Nouakchott,  12/07/2011
Les travaux d’un atelier relatif à la restitution des conclusions de l’étude sur la définition d’un mécanisme intégré de financement des collectivités territoriales ont été ouverts, mardi, à Nouakchott.
Ouvrant cette rencontre, le ministre de l’intérieur et de la décentralisation, M. Mohamed ould Boilil a indiqué que la problématique du financement du développement local , d’une manière générale, et le renforcement des institutions locales, en particulier, constitue une des priorités du Président de la République, Monsieur Mohamed Ould Abdel Aziz.
Il a précisé que c’est dans ce cadre que le gouvernement du premier ministre, Dr Moulaye Ould Mohamed Laghdaf a adopté en avril 2010 une déclaration de politique de décentralisation et de développement local qui réaffirme la volonté politique de la Mauritanie de faire de la décentralisation une option et un choix irréversibles.
Le ministre a ajouté que pour le gouvernement mauritanien, la décentralisation apparaît comme une alternative permettant une meilleure adaptation à un contexte caractérisé par la recherche du progrès économique, l’adaptation et la modernisation des structures sociales confrontées à des mutations en profondeur.
Dans ce cadre, a-t-il dit, on peut considérer que la décentralisation renforce l’Etat de Droit avec des niveaux de représentativité locale nécessaires pour l’ancrage de la démocratie.
Elle permet aussi, a précisé le ministre, de mobiliser les énergies et les moyens pour plus d’efficacité administrative, et ce à travers un transferts des compétences et des moyens exercés au niveau territorial le plus proche du citoyen.
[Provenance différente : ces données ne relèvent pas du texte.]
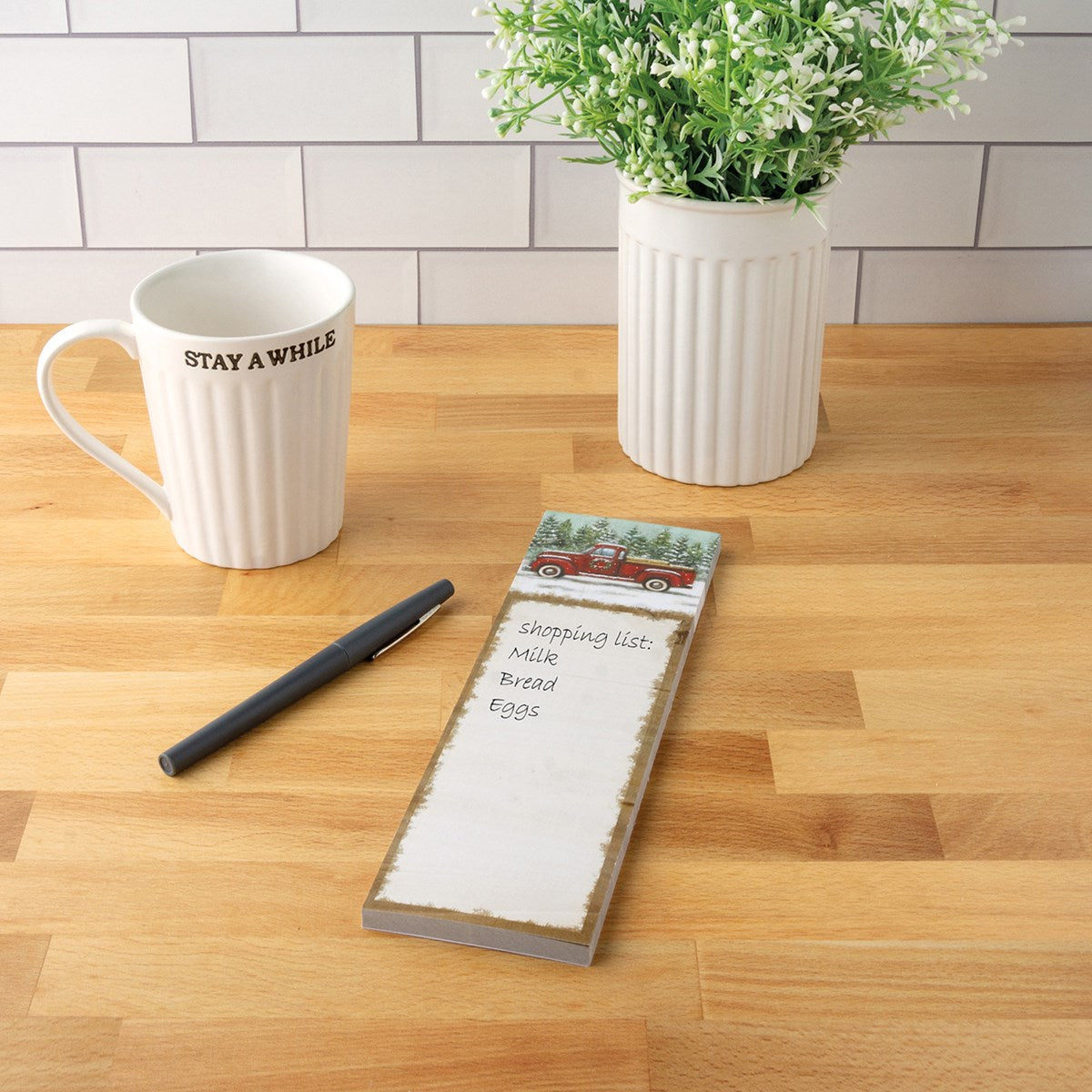A list notepad featuring a wintry red truck design. Design is replicated from original artwork painted onto burlap canvas, giving the art a unique depth and texture. List notepad includes 60 pages and strong magnet.

M. Mohamed Ould Boilil a souligné que la question des ressources financières trouve dans ce contexte toute sa place comme thème majeur puisque, a-t-il précisé, la décentralisation ne sera viable que si les collectivités territoriales disposent de moyens, sous forme de fiscalité locale propre et de transferts financiers de l’Etat, conséquents, à même de leur procurer suffisamment de ressources eu égard à leurs missions.
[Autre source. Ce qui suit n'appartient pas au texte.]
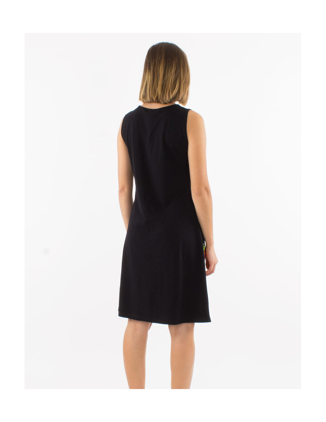 Dos de robe courte sans manches en coton noir à imprimé baba cool rosaces bariolées

Conscient de cette problématique, a ajouté le ministre, le gouvernement a mis en place le GAREF, groupe d’appui aux réformes de l’Etat pour le financement des collectivités territoriales.
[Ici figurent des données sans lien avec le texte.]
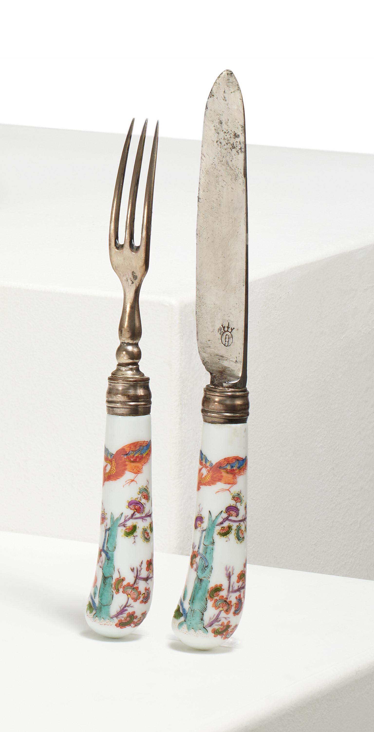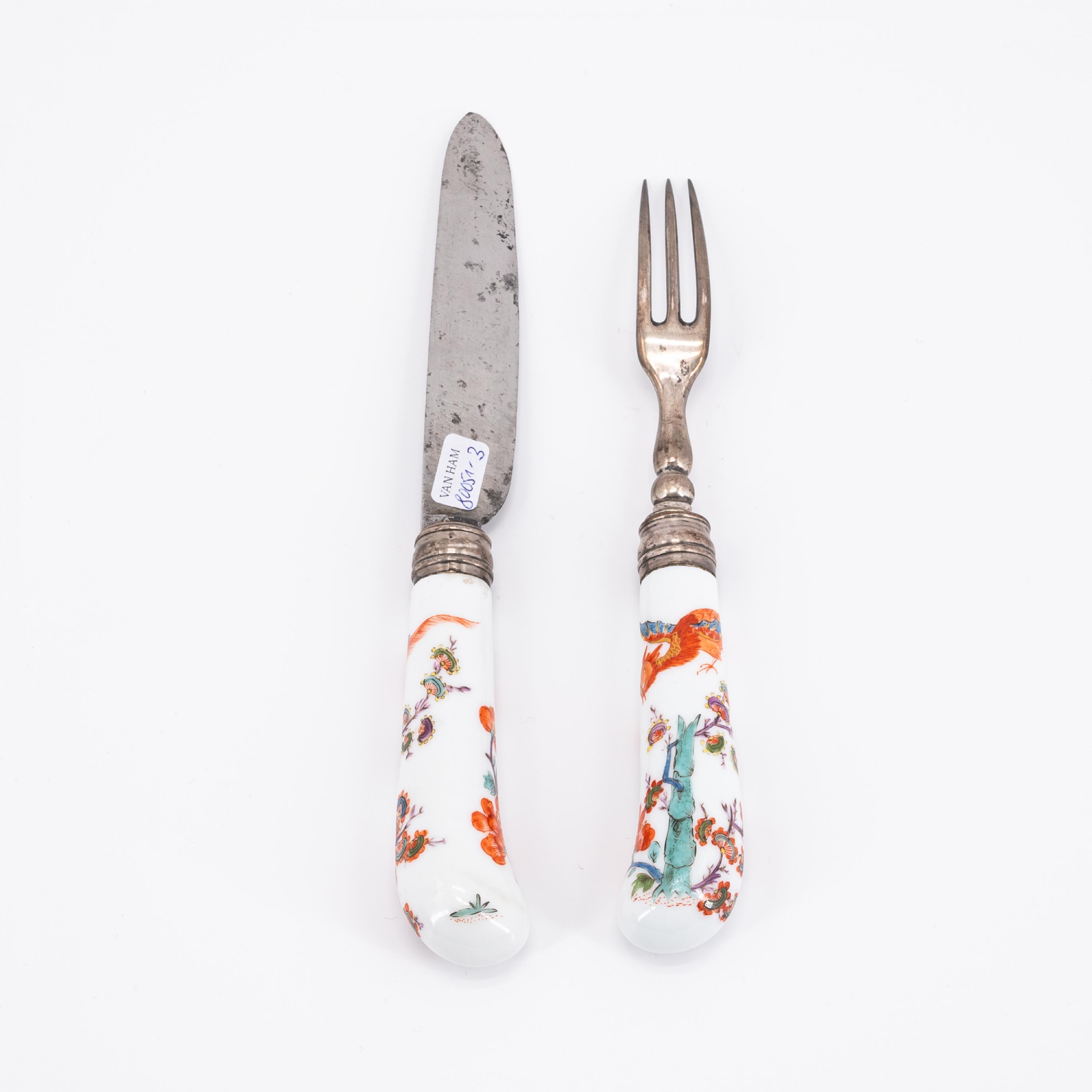 MESSER UND GABEL MIT PORZELLANGRIFFEN.

Le ministre a enfin rassuré les participants quant à la volonté du gouvernement d’accompagner ce processus de recherche d’un mécanisme pérenne, efficace et intégré pour le financement du développement local dans notre pays.
Prenant la parole à son tour, l’ambassadeur, chef de Délégation de l’Union européenne en Mauritanie, SEM. Hans-Georg Gerstenlauer a indiqué que la décentralisation doit être la jonction entre démocratie et développement.
C’est ainsi, a-t-il dit, que la décentralisation place les communes et les citoyens, qui deviennent responsables de la gestion des affaires locales à travers les élus, au cœur de la vie démocratique d’un pays.
Le diplomate européen a en outre noté que, plus proches des populations qu’elles administrent et de leurs problèmes quotidiens et de base, les communes doivent devenir des acteurs de premier plan du développement local et de la lutte contre la pauvreté.
Il a ajouté que pour appuyer l’Etat mauritanien à mener à bien ce processus , l’Union Européenne et les partenaires européens ont mis en place le programme européen de renforcement des institutions des collectivités locales et de leurs services, doté de plus de 12 millions d’euros.
C’est dans ce cadre, a-t-il dit, que l’étude sur le mécanisme intégré de financement des collectivités territoriales a été réalisée. Cette étude, a-t-il noté, a été menée en étroite concertation avec toutes les parties prenantes impliquées dans la décentralisation, soulignant qu’elle vise à trouver des réponses concrètes et intégrées aux besoins de financement des communes, seules collectivités territoriales existant aujourd’hui en Mauritanie, car sans ressources, les communes ne peuvent rien faire pour le développement de leur territoire et leurs populations.
La cérémonie d’ouverture de l’atelier qui dure un seul jour s’est déroulée en présence des ministres des affaires économiques et du développement, des finances et de l’habitat, de l’urbanisme et de l’aménagement du territoire.